BRIEF: Skip the images and restate every line of the records exactly.

Data extracted from a collection:
○ ○ ○ ○ ○

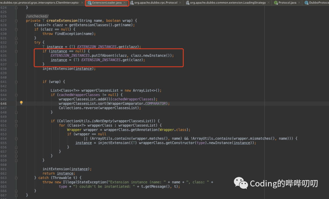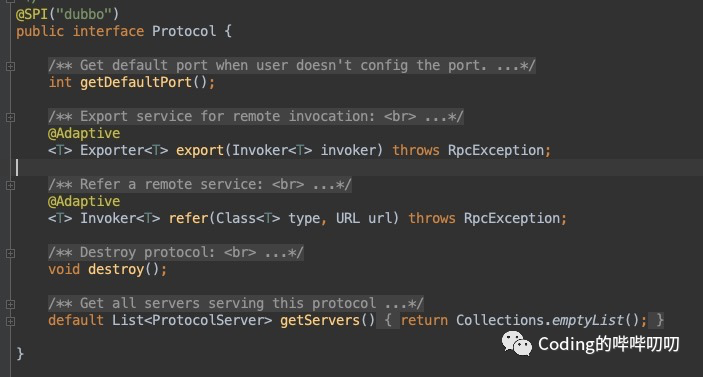 是重点,它是类似 Java SPI 中 ServiceLoader 的存在,我们拿DubboProtocol
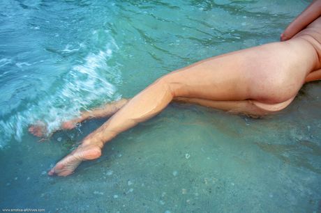 Errotica Archives: Jong meisje Bori Keis modellen volledig naakt op een rotsachtig strand
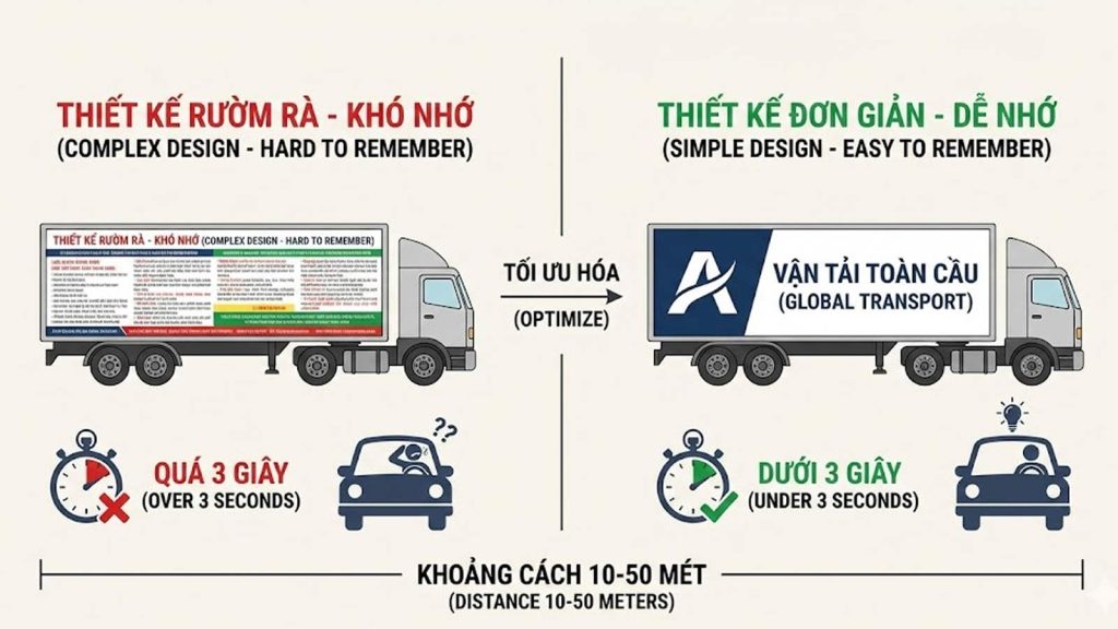 Tuy nhiên, thiết kế trên xe tải nặng không giống như thiết kế trên bao bì hay website. Nó đòi hỏi một sự tính toán khoa học về thị giác, màu sắc và bố cục để đảm bảo rằng thông điệp của bạn có thể “đọc” được chỉ trong vài giây khi xe đang di chuyển ở tốc độ cao.
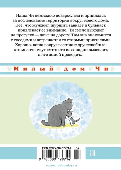 Наша Чи немножко повзрослела и принялась за исследование территории вокруг нового дома. Все, что жужжит, шуршит, гавкает и булькает – привлекает ее внимание. Чи смело выходит на прогулку – даже на дорогу! Там она знакомится с соседями и встречается со старыми приятелями. Хорошо, когда вокруг все такие дружелюбные: кто молочком угостит, кто из западни вызволит, а кто домой проводит...
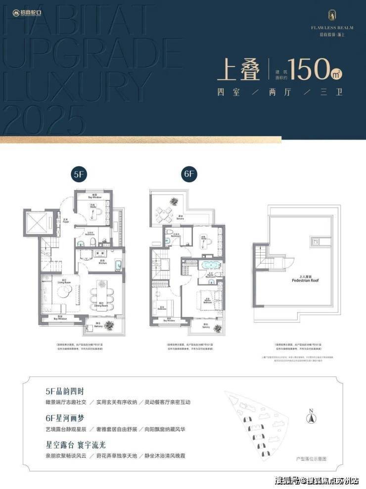本宣传资料所涉及的户型仅供示意参考。仅为横拟本户型装修效果叠加装修设想进行展示、所示室内装修、家具、陈设、灯具、门窗等除注明外均不在交房范围之中;相同户型因楼栋楼展、单元等差别,局部结构、面积、功能布局、空间分制、门窗/管井形态位置等可能有不同,并且强弱电箱、插座位置等均未在户型围中体现,具体以政府部门及终审定的图纸和《商品房买卖合同》为准,本广告制作日期为2025年5月20日,有效期至2025年6月20日。开发商:上海招宜置业有限公司,推广名:招商臻境。
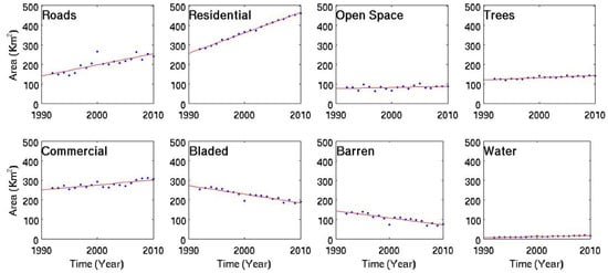 The slope of the trend lines is the rate of change of the surface area of a given class per year. Table 2 lists the rate of change of each land cover and reveals that a maximum occurred for the houses (10.5 km/year). It is followed by the asphalt (5.7 km/year) and the commercial (2.6 km/year) classes. These three classes reflect the key compositions of an urban growth. The tree cover, open spaces (grass) and water show negligible increase. Note that the open spaces represent yards and public parks, whereas water class is primarily residential pools and ponds in public parks. The classes of barren land and bladed ground decreased at a rate of 3.6 and 4.5 km/year, respectively. The bladed ground area trend was expected to mimic the variation in construction activity in Las Vegas. It may be correlated to the barren land class due to their similar spectral signatures. Nevertheless, this result can be interpreted as an overall reduction in the natural landscape which is replaced by the urban land cover classes.

○ ○ ○ ○ ○

SOLUTION:
 是重点,它是类似 Java SPI 中 ServiceLoader 的存在,我们拿DubboProtocol
 Errotica Archives: Jong meisje Bori Keis modellen volledig naakt op een rotsachtig strand
 Tuy nhiên, thiết kế trên xe tải nặng không giống như thiết kế trên bao bì hay website. Nó đòi hỏi một sự tính toán khoa học về thị giác, màu sắc và bố cục để đảm bảo rằng thông điệp của bạn có thể “đọc” được chỉ trong vài giây khi xe đang di chuyển ở tốc độ cao.
 Наша Чи немножко повзрослела и принялась за исследование территории вокруг нового дома. Все, что жужжит, шуршит, гавкает и булькает – привлекает ее внимание. Чи смело выходит на прогулку – даже на дорогу! Там она знакомится с соседями и встречается со старыми приятелями. Хорошо, когда вокруг все такие дружелюбные: кто молочком угостит, кто из западни вызволит, а кто домой проводит...
本宣传资料所涉及的户型仅供示意参考。仅为横拟本户型装修效果叠加装修设想进行展示、所示室内装修、家具、陈设、灯具、门窗等除注明外均不在交房范围之中;相同户型因楼栋楼展、单元等差别,局部结构、面积、功能布局、空间分制、门窗/管井形态位置等可能有不同,并且强弱电箱、插座位置等均未在户型围中体现,具体以政府部门及终审定的图纸和《商品房买卖合同》为准,本广告制作日期为2025年5月20日,有效期至2025年6月20日。开发商:上海招宜置业有限公司,推广名:招商臻境。
 The slope of the trend lines is the rate of change of the surface area of a given class per year. Table 2 lists the rate of change of each land cover and reveals that a maximum occurred for the houses (10.5 km/year). It is followed by the asphalt (5.7 km/year) and the commercial (2.6 km/year) classes. These three classes reflect the key compositions of an urban growth. The tree cover, open spaces (grass) and water show negligible increase. Note that the open spaces represent yards and public parks, whereas water class is primarily residential pools and ponds in public parks. The classes of barren land and bladed ground decreased at a rate of 3.6 and 4.5 km/year, respectively. The bladed ground area trend was expected to mimic the variation in construction activity in Las Vegas. It may be correlated to the barren land class due to their similar spectral signatures. Nevertheless, this result can be interpreted as an overall reduction in the natural landscape which is replaced by the urban land cover classes.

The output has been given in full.